Work required: Return the lines of the data below, from the one containing "- All-around Protection: This" through the very last, exactly and with both ends included; no pictures.

[Recorded information — start]

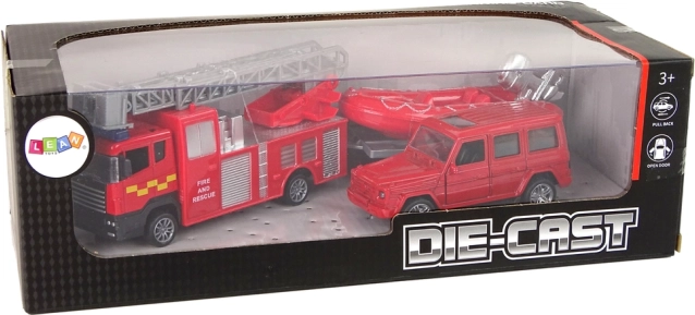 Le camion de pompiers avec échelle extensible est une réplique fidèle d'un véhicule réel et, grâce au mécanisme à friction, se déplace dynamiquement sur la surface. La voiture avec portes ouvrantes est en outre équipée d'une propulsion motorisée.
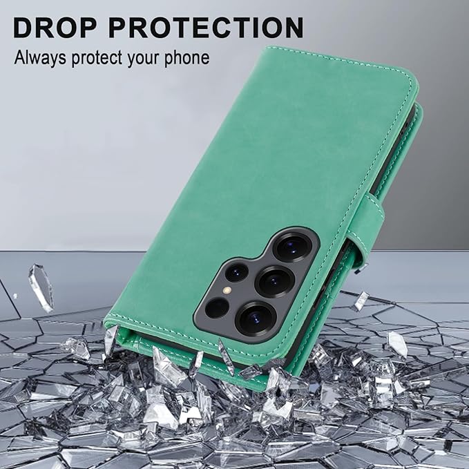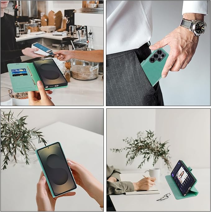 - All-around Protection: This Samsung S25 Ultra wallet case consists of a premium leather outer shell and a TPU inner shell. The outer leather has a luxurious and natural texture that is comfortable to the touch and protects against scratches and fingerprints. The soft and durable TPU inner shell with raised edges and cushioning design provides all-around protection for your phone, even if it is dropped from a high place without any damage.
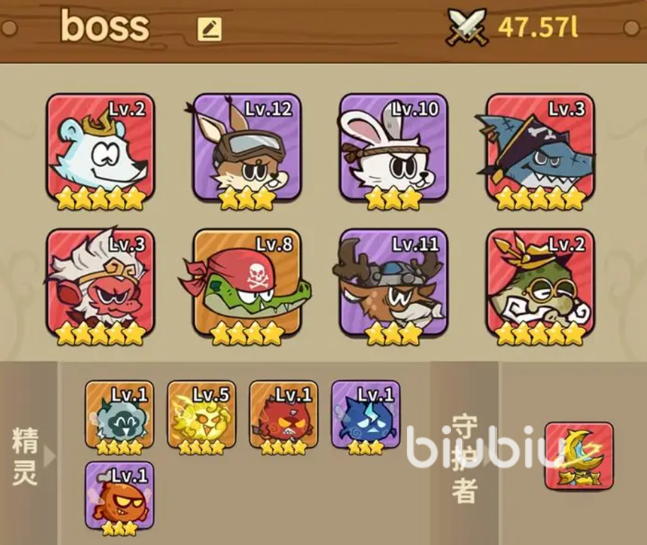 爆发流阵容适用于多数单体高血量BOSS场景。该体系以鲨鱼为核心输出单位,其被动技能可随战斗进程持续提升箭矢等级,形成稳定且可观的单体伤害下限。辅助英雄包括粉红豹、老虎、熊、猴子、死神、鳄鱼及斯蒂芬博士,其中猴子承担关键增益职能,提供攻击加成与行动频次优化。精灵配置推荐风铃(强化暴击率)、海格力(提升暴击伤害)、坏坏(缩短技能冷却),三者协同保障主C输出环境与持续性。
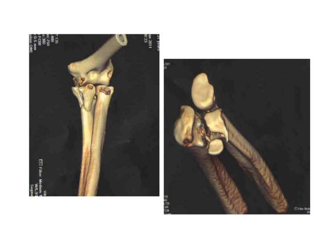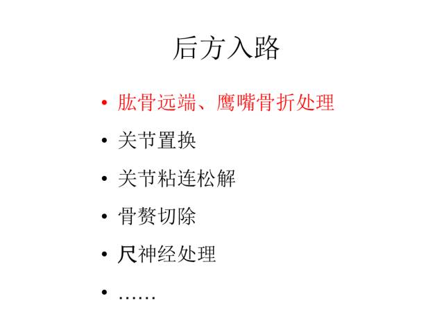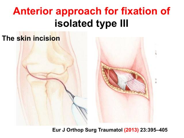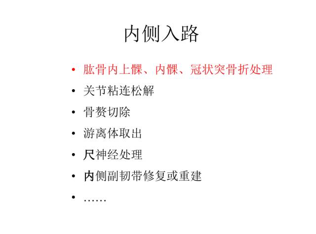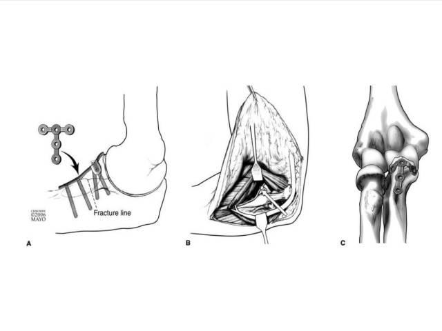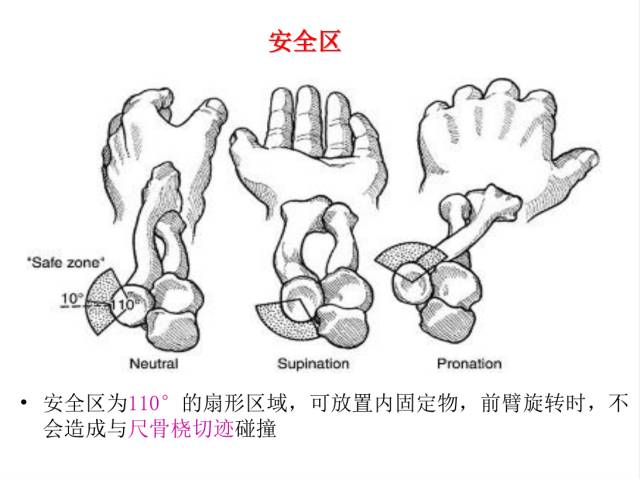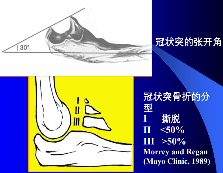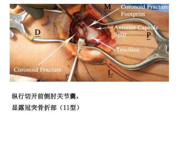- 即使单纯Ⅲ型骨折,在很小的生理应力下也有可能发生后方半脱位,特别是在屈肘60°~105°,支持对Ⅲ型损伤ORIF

[Recorded information — finish]

Reply:
 - All-around Protection: This Samsung S25 Ultra wallet case consists of a premium leather outer shell and a TPU inner shell. The outer leather has a luxurious and natural texture that is comfortable to the touch and protects against scratches and fingerprints. The soft and durable TPU inner shell with raised edges and cushioning design provides all-around protection for your phone, even if it is dropped from a high place without any damage.
 爆发流阵容适用于多数单体高血量BOSS场景。该体系以鲨鱼为核心输出单位,其被动技能可随战斗进程持续提升箭矢等级,形成稳定且可观的单体伤害下限。辅助英雄包括粉红豹、老虎、熊、猴子、死神、鳄鱼及斯蒂芬博士,其中猴子承担关键增益职能,提供攻击加成与行动频次优化。精灵配置推荐风铃(强化暴击率)、海格力(提升暴击伤害)、坏坏(缩短技能冷却),三者协同保障主C输出环境与持续性。
- 即使单纯Ⅲ型骨折,在很小的生理应力下也有可能发生后方半脱位,特别是在屈肘60°~105°,支持对Ⅲ型损伤ORIF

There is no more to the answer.